- The powerhouse is located in a converted power station
- Interactive map of the Brisbane Powerhouse area
- Former names: New Farm Powerhouse

General information
- Location: 119 Lamington Street, New Farm, Brisbane, Australia
- Construction started: 1926
- Completed: 1940
- Renovated: 2000

Design and construction
- Architect: Roy Rusden Ogg

Renovating team
- Other designers: Peter Roy

= Brisbane Powerhouse =

Arts and cultural hub in New Farm, Queensland

The Brisbane Powerhouse is a performing arts and cultural centre which is housed in a former power station in the Brisbane suburb of New Farm in Queensland, Australia.

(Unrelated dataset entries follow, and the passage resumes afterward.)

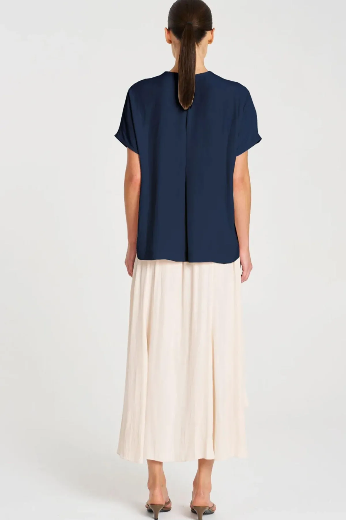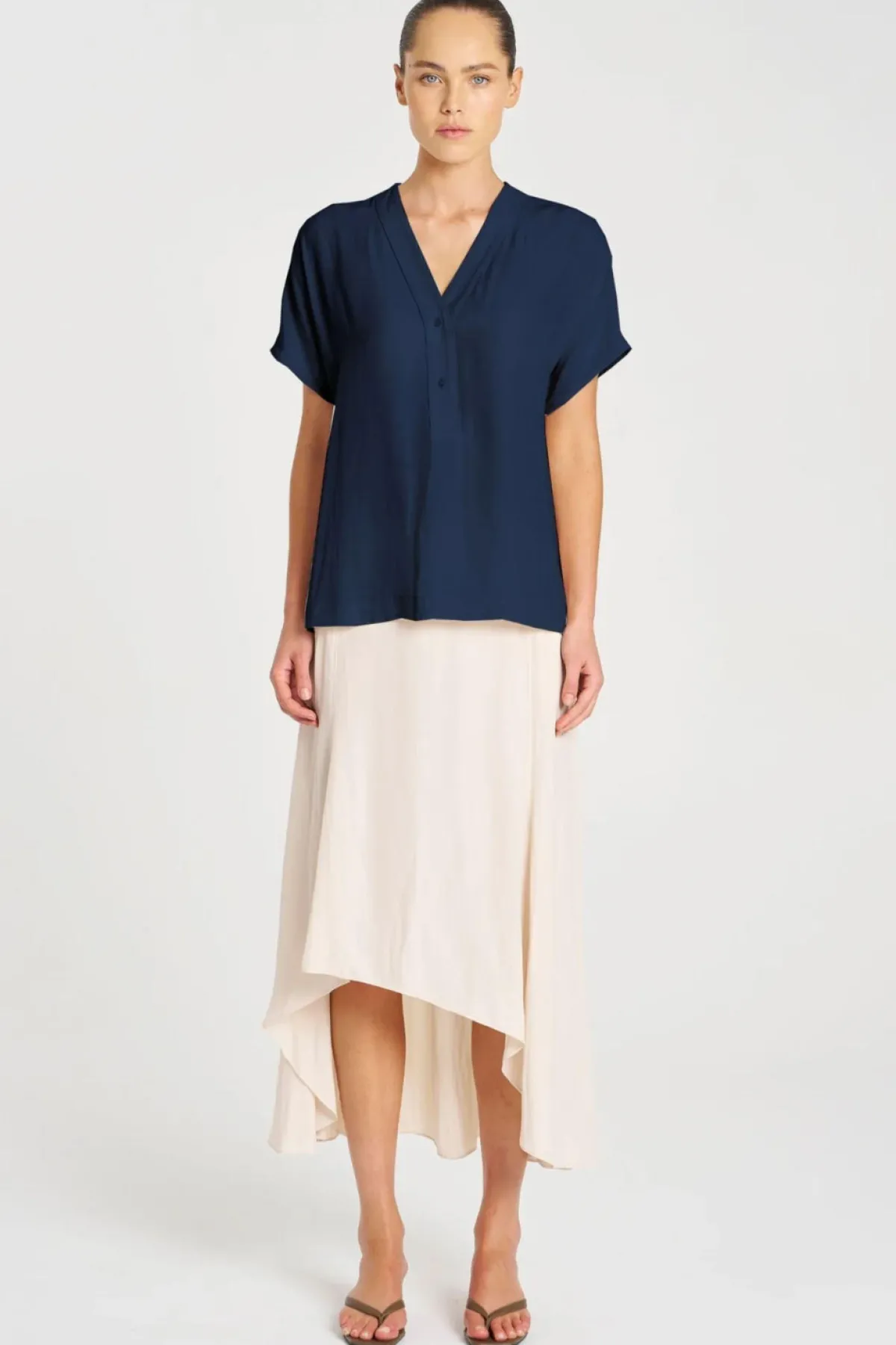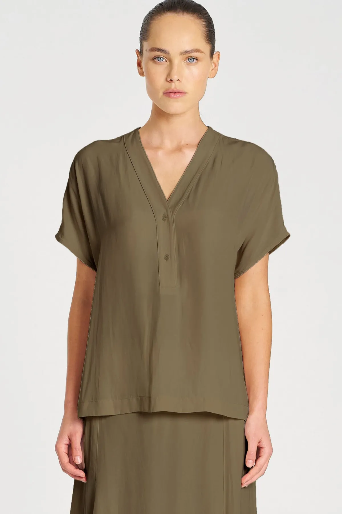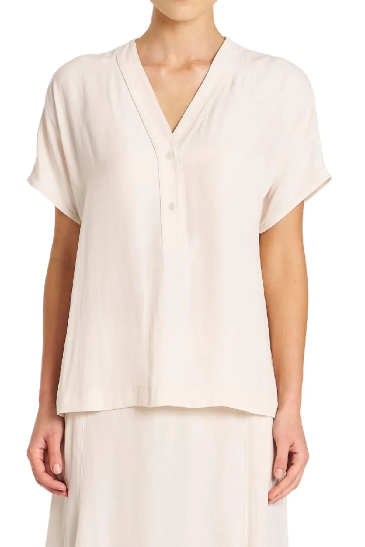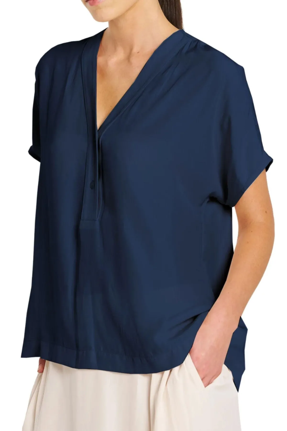 Crafted from Mela Purdie’s classic Mache, a fine Denier technical weave with an airflow finish. The Wedge Tab Shell features a cap sleeve and a flattering neckline with a button closure.
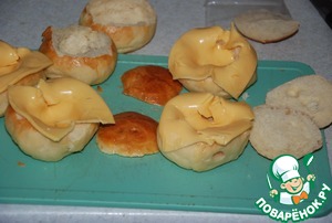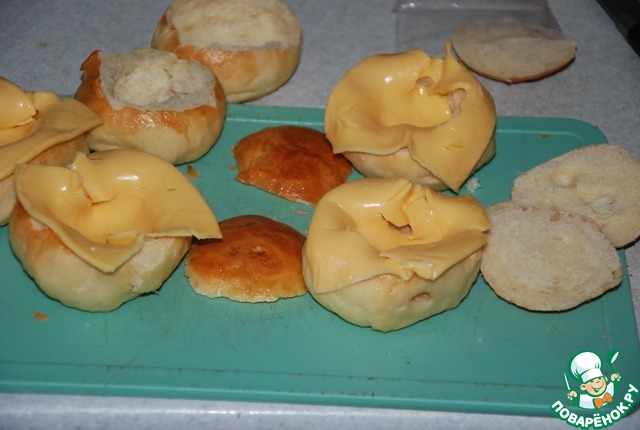 Выложить в булочки пластинки сыра. Расправить сыр по бокам нашей булочки. Он очень пластичный и сделать это совсем не сложно.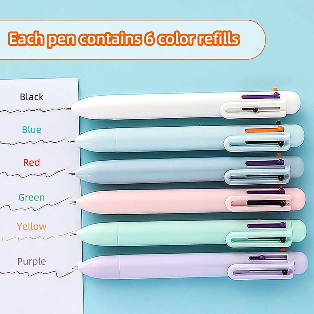 0.5mm 6-in-1 Multicolor Ballpoint Pen, 6-Color Retractable Fine Point Pens for Office School Supplies Students Kids Nurses Gift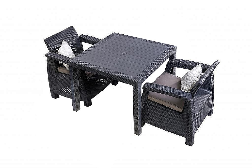 Stôl kombinácia tvrdý plast a umelý ratan. Sestava obsahuje: 1x Záhradný stôl z umelého ratanu MANHATTAN 95×95 cm (antracit), 1x Záhradná ratanová zostava CORFU DUO (antracit)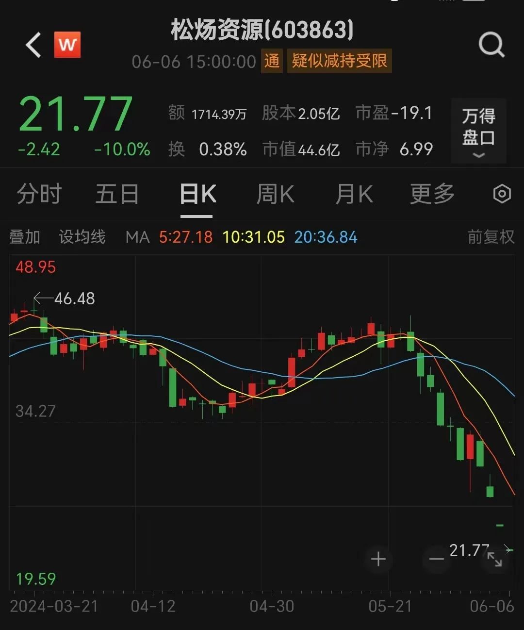 在此期间,松炀资源股价从5月23日至今暴跌达49.48%,近四个交易日更是连续跌停。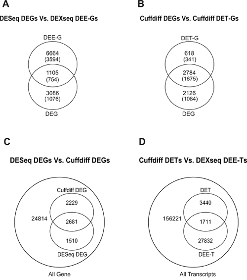 Figure 3: Intersection between DESeq-identified DEGs and DEXseq-identified DEE-Gs A. between Cuffdiff-identified DEGs and DET-Gs B. between DESeq-identified and Cuffdiff-identified DEGs C. and between Cuffdiff-identified DETs and DEXseq-identified DEE-Ts D. Numbers in parentheses in (A) and (B) indicate the numbers of genes that are associated with cancer genes/characteristics according to MGSA.

The venue offers an array of live performances, visual art displays, exhibitions, festivals, and free community events.

The first stage of the New Farm Powerhouse was built in 1927–28 as part of the growing need for electricity to supply the Brisbane Trams. The powerhouse began operations in 1928, and was decommissioned in 1971. It was subsequently renovated and re-opened as a modern entertainment hub in 2000.

==Origins==
Positioned on the northern bank of the Brisbane River, Brisbane Powerhouse was developed from a decommissioned power station.

The original New Farm powerhouse, designed by architect Roy Rusden Ogg and commissioned by the newly formed Greater Brisbane City Council, went into service as the first council-operated power station built in Brisbane in June 1928. Earlier power stations in Brisbane had been operated by private companies. The New Farm powerhouse supplied electricity for the whole tramway network. A total of 56 MW could be produced at 11 kV 3 phase. It also produced power and lighting loads for the suburbs of Yeerongpilly, Toowong and Ithaca. As Brisbane grew, more suburbs drew their electrical power from the powerhouse. The commercial areas and older suburbs of Brisbane drew their electricity from a private power generating company called the City Electric and Light Company, whose powerhouses were located on the Bulimba Reach of the Brisbane River.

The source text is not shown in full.